Around this time last year we were just getting acquainted with the idea of being new parents. We had just brought our first foster son home, hadn’t yet met or talked with his parents. We had no idea what God had in store for us as foster parents, or as parents in general.
I am in awe of all that can happen in a year. We have had 5 sweet baby boys in our home. Two of those boys have been respite placements (just this last week), and two have long since gotten to go home to their parents. And a few weeks ago, that first precious boy we brought home a year ago turned 1. I can hardly describe the emotions swirling around: excited, happy, disbelief that we’d been parenting almost an entire year. I reflect back on Sweaty Spaghetti often, and am so full of joy that he is right where he is meant to be. And just when I thought I couldn’t get any happier, we got invited to come to his first birthday party. And just like that, I started to cry. I had hoped we would get to celebrate his birthday with him, but when hopes like that become reality, I truly can’t wrap my head around how blessed we are.

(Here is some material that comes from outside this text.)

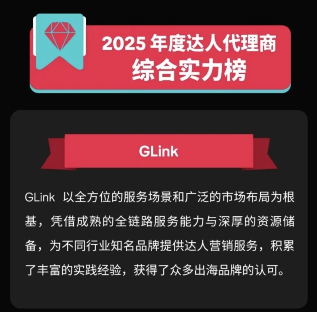 GLink上榜“2025 年度达人代理商综合实力榜”
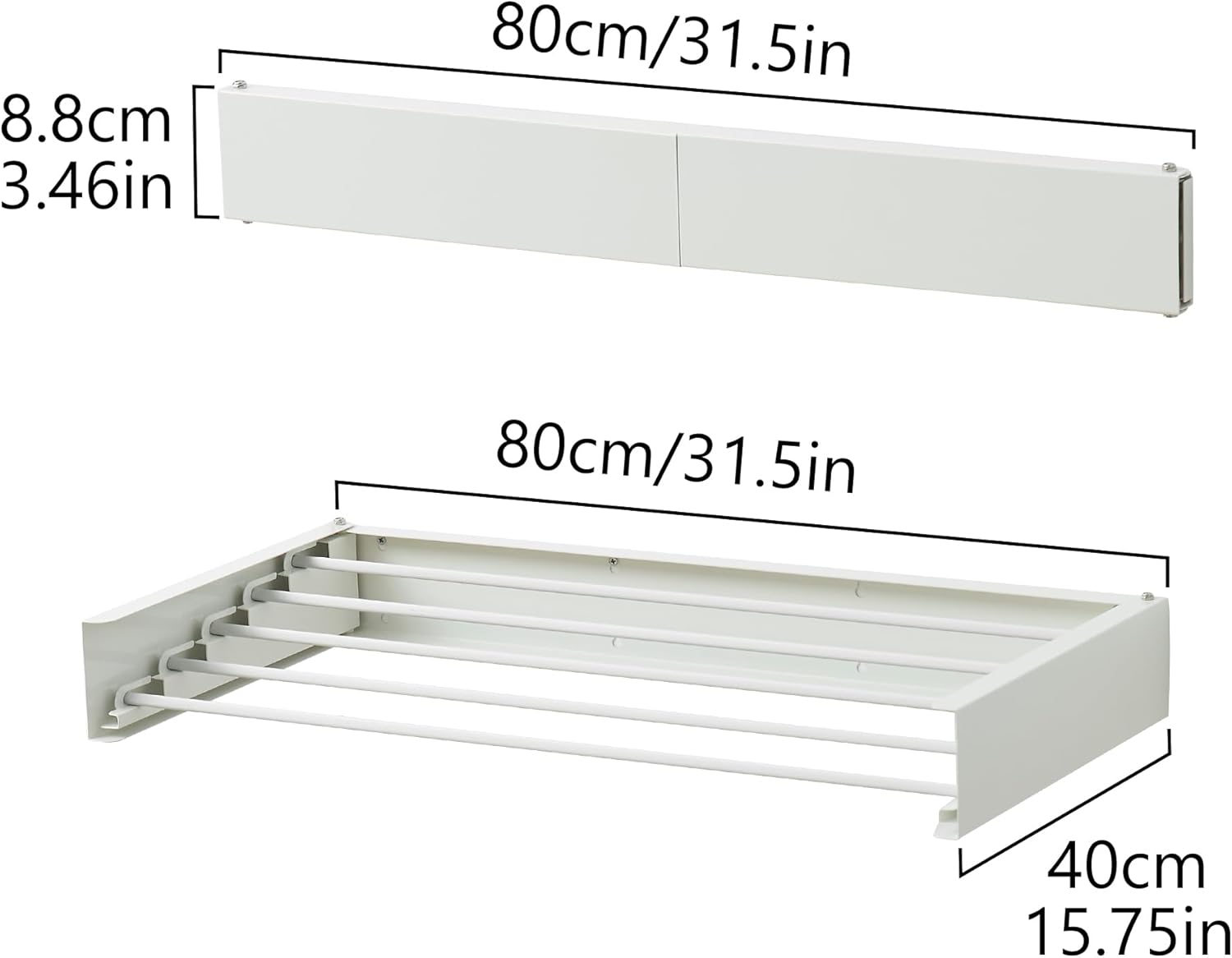 Clothes Drying Rack, Laundry Hanging Rack Collapsible, Wall Mounted Drying Rack for Laundry, Foldable Drying Rack Indoor Outdoor, 31.5" Wide, 5 Aluminum Rods, 60 lb Capacity (White 31.5")

So often, foster care seems to pit foster families against bio families. One is “bad” and the other “better”. They are on opposite sides of some battle, and the child is stuck in the middle. But what if the child being in the middle wasn’t so bad? What if, instead of being yanked from one side to the other like a game of tug-o-war, the child is holding hands with both families? This idea is sometimes used to depict families who choose open adoption, but rarely, if ever, have I seen anyone talk about how to reach this place with bio families. And yet, a few weeks ago, we found ourselves in this very position. We showed up, with Sweet One, to a child’s first birthday party. Not only were we welcomed with open arms (literally!), but we were introduced to family without shame- “These were (kiddo’s) foster parents.” Cue more tears. I’m continually amazed by the gracious way that we are included in their family. I’ve long said that your village can never be too big; you can never have too many people praying for you and rooting you on. Being able to follow along on new milestones, pictures, and interests is such a blessing. When I question God’s call to have us in foster care, all I have to do is think about this family, and I know that we are right here for a reason.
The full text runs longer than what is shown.